Arnavutlar, Kosova geleceğine dair ne diyorlar
Aslında konun en can alıcı noktası da budur “Dünya konuşuyor ama Kosova’nın içinde ve dışındaki Arnavutlar ne diyorlar, ne düşünüyorlar, ne yapmaya çalışıyorlar” soruları önemlidir. Çok önemli konular bunlar çünkü Arnavutlar açısından bakıldığında konu daha net anlaşılır.

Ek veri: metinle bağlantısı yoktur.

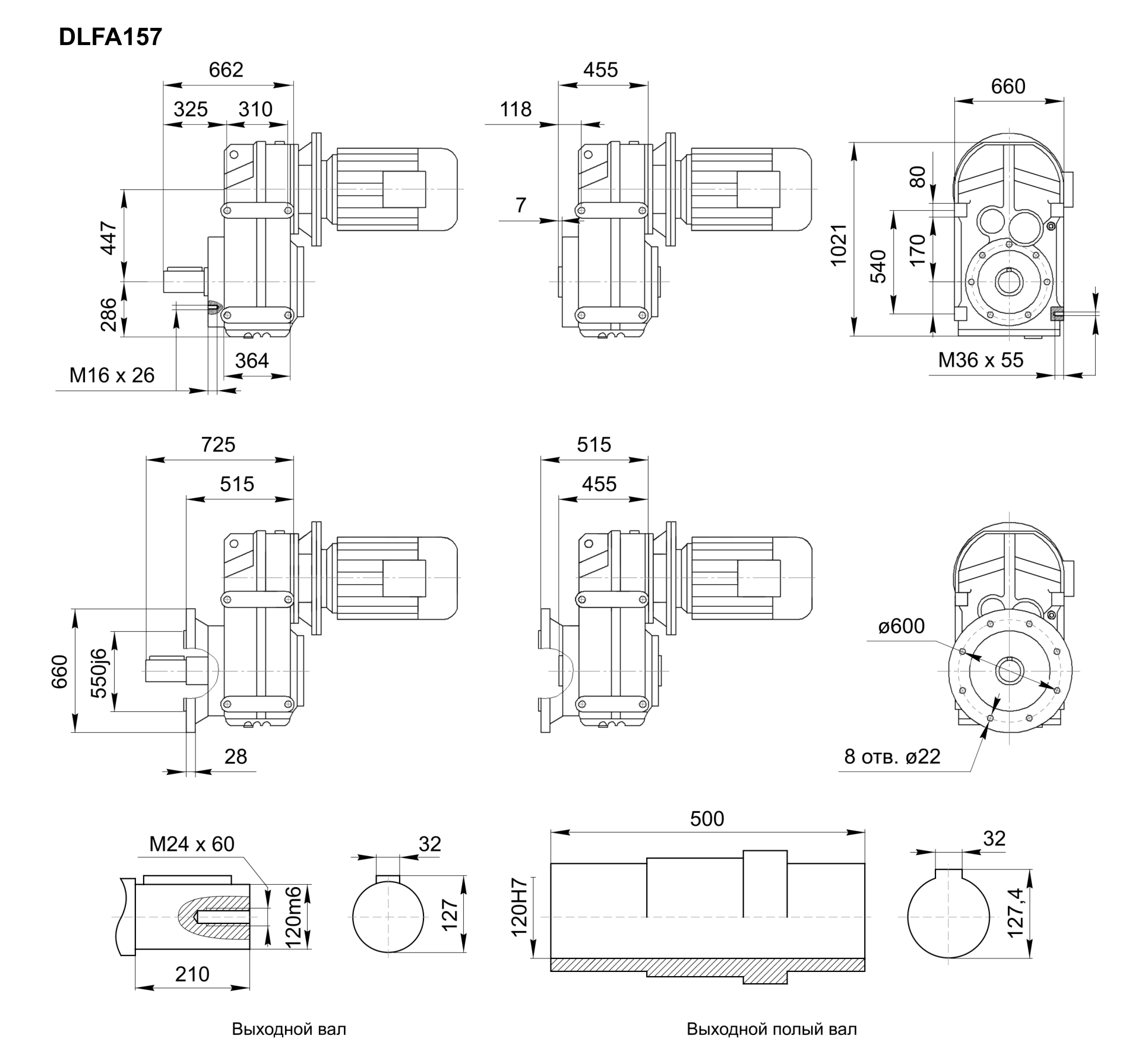 Мотор-редуктор плоско-цилиндрический DLFA157-Y160-4P-12,44-M3-180-4- IEC
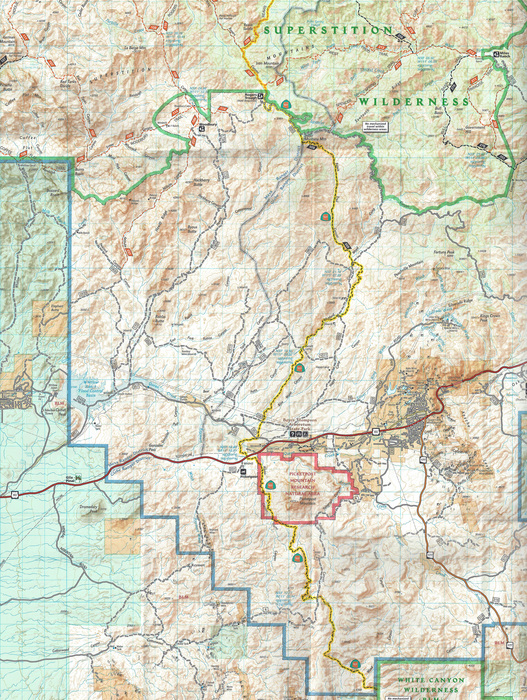 A great map with many features on it that hikers can see from AZT Section 18, including Hewitt Ridge, Hackberry Butte, Byous Butte, Montana Mountain, Picketpost Mountain and Telegraph Canyon AZT section 17 accesss. There are also many backroads and Apache Leap east of Superior! Click on "Original" to get a clearer copy that can be pinch zoomed.
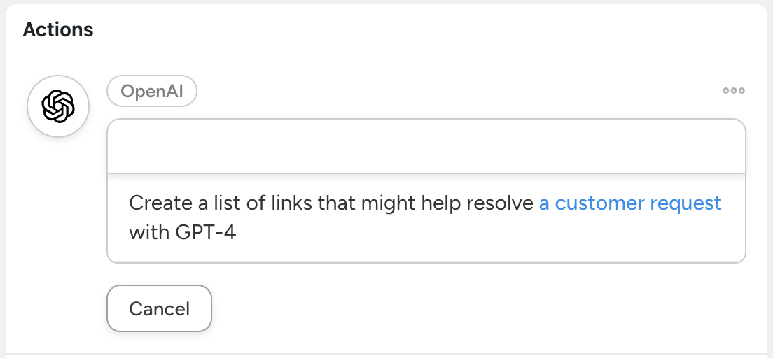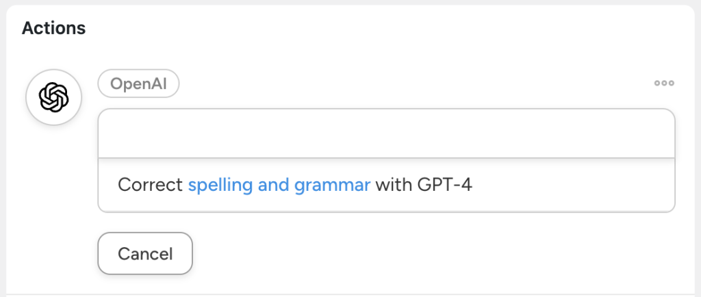 In the Actions panel, click Add action and select OpenAI. From the dropdown list that appears, select Generate an excerpt with GPT-4.
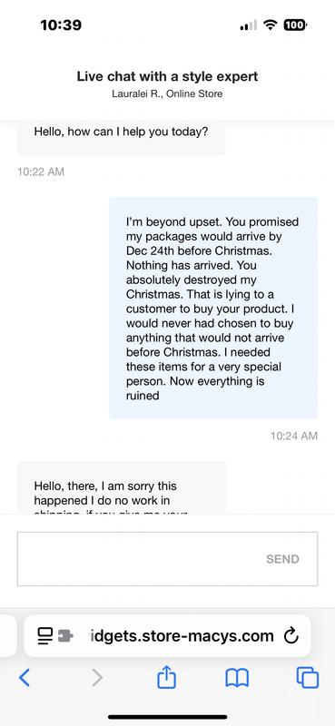 Please please do not believe that Macys will honor what they say. This was an item promised me to be delivered by Dec 24th in golden letters under the item. No one took care of the problem. They are aware that the item will never arrived on time but still will mislead you to buy it. Horrible customer service, dishonest, greedy corporate business. Will never buy with Macys again.
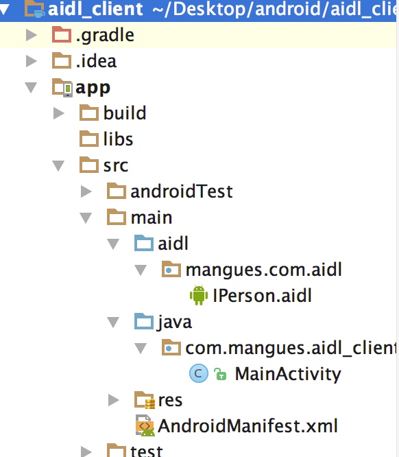 IPerson.aidl只是一個接口文件,用來aidl交互的,建立好之後gradle一下就行了,studio會自動創建需要的文件,具體什麼文件你不用管,我們用不到,你在代碼裡可以看到
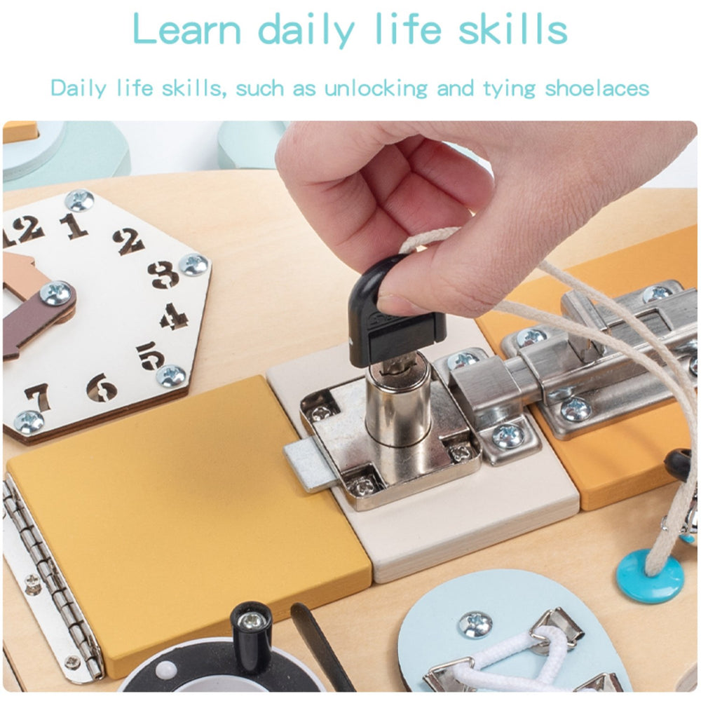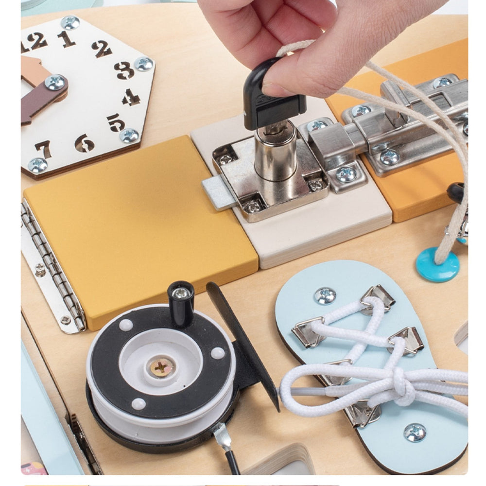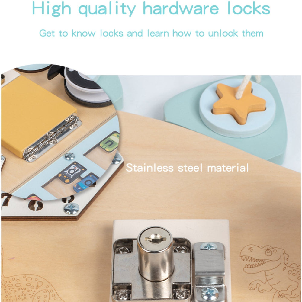 HEMMINGSEN Kids Natur Dino Aktivitetstavle er ideel til små opdagelsesrejsende. Denne farverige og håndgribelige tavle tilbyder børn fra 3 år og op mulighed for at udforske og lære gennem leg. Med elementer som drejelige tandhjul og praktiske låse hjælper den med at udvikle finmotorikken og logisk tænkning. Let at rengøre og opbevare, hvilket gør den til en favorit blandt forældre. Dens robuste design sikrer sikker sjov i mange år, og den bringer kvalitetstid til hele familien.
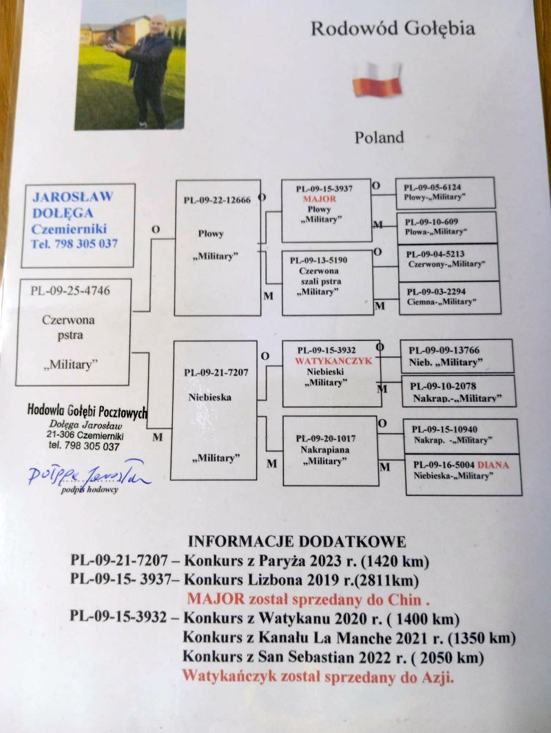 Oryginalny gołab z hodowli Jarosław Dołęga Jest to gołąb młody z 2025 roku Szczegóły pochodzenia w rodowodzie. Więcej informacji pod nr tel.: 798305037. Możliwość wysyłki na terenie Polski.
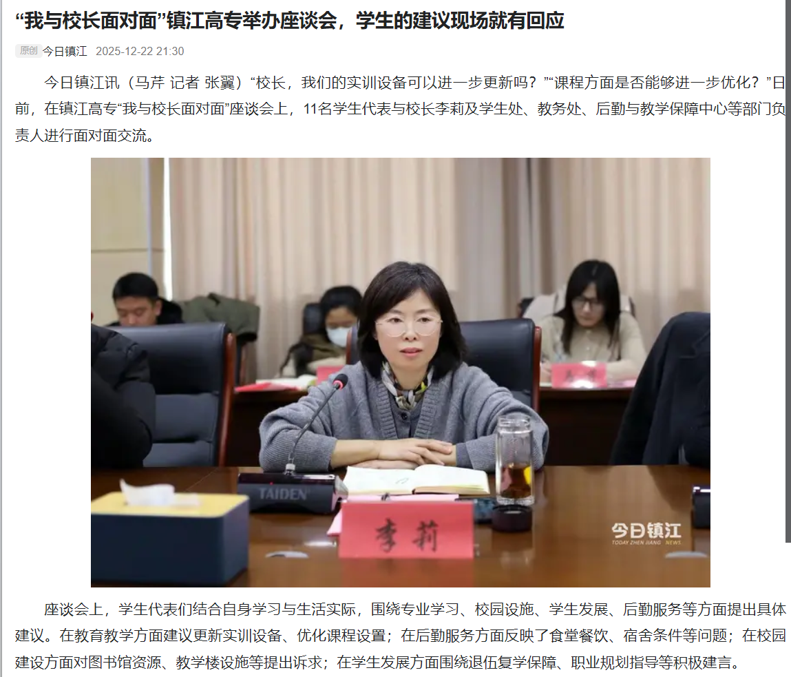 今日镇江|“我与校长面对面”镇江高专举办座谈会,学生的建议现场就有回应 信息来源:zjgz发布时间:26.01.04阅读次数:396 媒体链接:今日镇江:https://h5-x.jrzjapp.cn/davmu/share/holly/doc/2025/12/MQ457Unhv/index.html

Arnavutların resmi söyleminde Kosova ile ilgili durumun iyi bir gidişatta olduğudur. Fakat halk böyle dememektedir. Bağımızlıkla memnun olmayan çoğunluğunu oluşturmaktadır. Çünkü Arnavutların kendi babaları bıraktığı kendi topraklarında bir devlet ve bit bayrak altına toplanmaları gerektiği inancı hergeçen gün artmaktadır. Özellikle de bu milliyetçi davranışla Sırplarla aynı kefeye girmediklerini de belirtmektedirler. Çünkü Arnavutların “Milliyetçiliği” Sırplarınkinden çok farklıdır. Arnavutlar soykırım yapmaz, diğer ırkları da evinde ve bahçesinde barındırp misafir etmeyi çok iyi bilir. Bunun da örnekleri tarihin her anında mevcuttur. Bu inançla Arnavut milliyetçiliği istikrarsızlığı değil bilakis istikrarın ta kendisi olduğu belitmektedirler. Resmi söylem aslında bundan pek uzakta durmamaktadır. Ama açıkça da gerekmediği takdirde de belirtmemekteler…
Konuyla ilgili bir diğer önemli saılabilecek konu da şu; “SH.A.İ.B.K”, “Vetevendosja”, “FBKSH – AKSH”, “UÇK”, “Levizjaperbashkim”, “Varta” … gibi dünya çapında kendi rüştünü ıspatlayabilmiş Arnavut organizasyonlarına da kulak asmak gerek. Bu organizasyon ve örgütlerin etrafında yüzbinlerce maddi manevi desteğini esirgemeyen gönüllünün varolduğunu bilmek gerek. Bunlar “Ma Gëzofsh Kosovë Lirinë---Kosova’m Kutlu Olsun Sana Bağımsızlığın) belirtseler de milli mesele için sadece bir başlangıç olduğunu da vurguluyorlar. Kaba kuvvete eğilmememsi gerektiğinin farkında ama başka çare kalmazsa o yola da başvurmak için yüzbinlerce gönüllünün olduğunu belirtmketedirler. Gelecek için kararlar alınırken bunları yok saymak hata olacağını belirtilmektedir.
Balkanlar artık barış, huzur, refah ve istikrar istiyor. Bunların dışında başka bir şey istemiyor. Büyük güçlerin çıkarları doğrultusunda Balkanları alevlendirilmesin bir daha…
AB alsın için geriye kalan balkan ülkelerini çünkü Bulgaristan ve Romanya’dan daha geride değil bu ülkeler…
Kosovë Hey Kosova Kutlu olsun bağımsızılığın sana.